Pick the one prompt you’ll keep iterating.

You’ll do
Choose a task you’ll use Claude for repeatedly. Commit to refining its prompt over Day 2–4.
Steps
  1. Pick a real task from your week (not a hypothetical).
  2. Write the first-pass prompt as you’d normally type it.
  3. Save it in a file: prompts/<name>.md.
  4. You’ll come back to this in Day 2 (patterns), Day 3 (tools), and Day 4 (agent).
Verify
You have a working baseline saved. The next 3 days improve THIS prompt, not abstract examples.

Stretch. Pair: have a colleague also write a baseline for the same task. Compare on Day 4.

§ 01.07 · Hands-on · 15 min

Your first API call.

Every concept above becomes real when you call the model from your own code. Fifteen minutes. No frameworks.

From the last unit: Everything from Units 01–06 becomes real when you call the model from your own code. Here is the smallest possible program that does it.

your laptop python script prompt + API key tokens streamed back Claude API api.anthropic.com
The shape of every program that talks to a model
Get the code You don’t have to copy anything by hand. Right-click each link and choose “Save Link As…” into one folder, then run it from there: In your folder: pip install -r requirements.txt installs everything these scripts need.

Step 1 — Set up

Install the Anthropic Python SDK and set your API key as an environment variable. Get a key at console.anthropic.com — first $5 of usage is free.

# macOS / Linux
python3 -m venv .venv
source .venv/bin/activate
pip install anthropic
export ANTHROPIC_API_KEY="sk-ant-..."

Step 2 — Make the call

Save this as hello_claude.py. Then run python hello_claude.py.

from anthropic import Anthropic

client = Anthropic()  # reads ANTHROPIC_API_KEY from your env

response = client.messages.create(
    model="claude-sonnet-4-6",
    max_tokens=400,
    messages=[
        {
            "role": "user",
            "content": (
                "You are a senior product reviewer at a hard-news "
                "publication. You care about clarity and the absence "
                "of marketing language.\n\n"
                "Critique this sentence: \"We leverage AI to unlock "
                "transformative outcomes for our customers.\""
            ),
        }
    ],
)

print(response.content[0].text)

What just happened

  • You used Role + Goal + Constraint in a single message. The model knew who to be, what to do, and what to look for.
  • The model received exactly your text and nothing else. No memory of past conversations. No web. Just your prompt and its training.
  • You got back text — assembled token-by-token, like the animation at the top of this page, only faster.
Commitment card Before Day 02, run this script three more times — each time with a real piece of writing from your week. Notice when the critique is sharp, when it is generic. That gap is what Day 02 is for.

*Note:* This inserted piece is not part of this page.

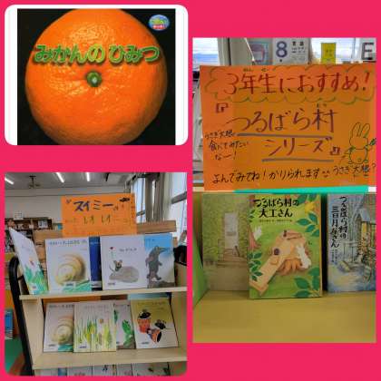 また、図書館では、3年生におすすめの「つるばら村シリーズ」や1年生におすすめの「スイミーを書いたレオ・レオニさんの本」のコーナーが、国語の授業と関連して展示してあります。

Make your first API call — and print what it cost.

You’ll do
Run hello_claude.py end-to-end from a fresh virtual environment, then make it print the exact cost of the call.
Steps
  1. In the folder where you saved the files (see Get the code above), create and activate the venv, then install: run the four lines from Step 1.
  2. Set your key: export ANTHROPIC_API_KEY="sk-ant-..." (get one free at console.anthropic.com).
  3. Run it: python hello_claude.py. Read the critique it prints.
  4. Add two lines to the bottom of the file and re-run to see the cost — Sonnet is $3 / $15 per million input / output tokens:
    u = response.usage
    print(f"cost: ${u.input_tokens/1e6*3 + u.output_tokens/1e6*15:.5f}")
Verify
Your terminal prints a multi-sentence critique and a line like cost: $0.005… — a real number, under one cent. You have called the model from your own code and measured the bill.

Stretch. Swap the prompt for a real piece of your own writing and re-run. The cost line moves with the token counts — longer input and output cost more.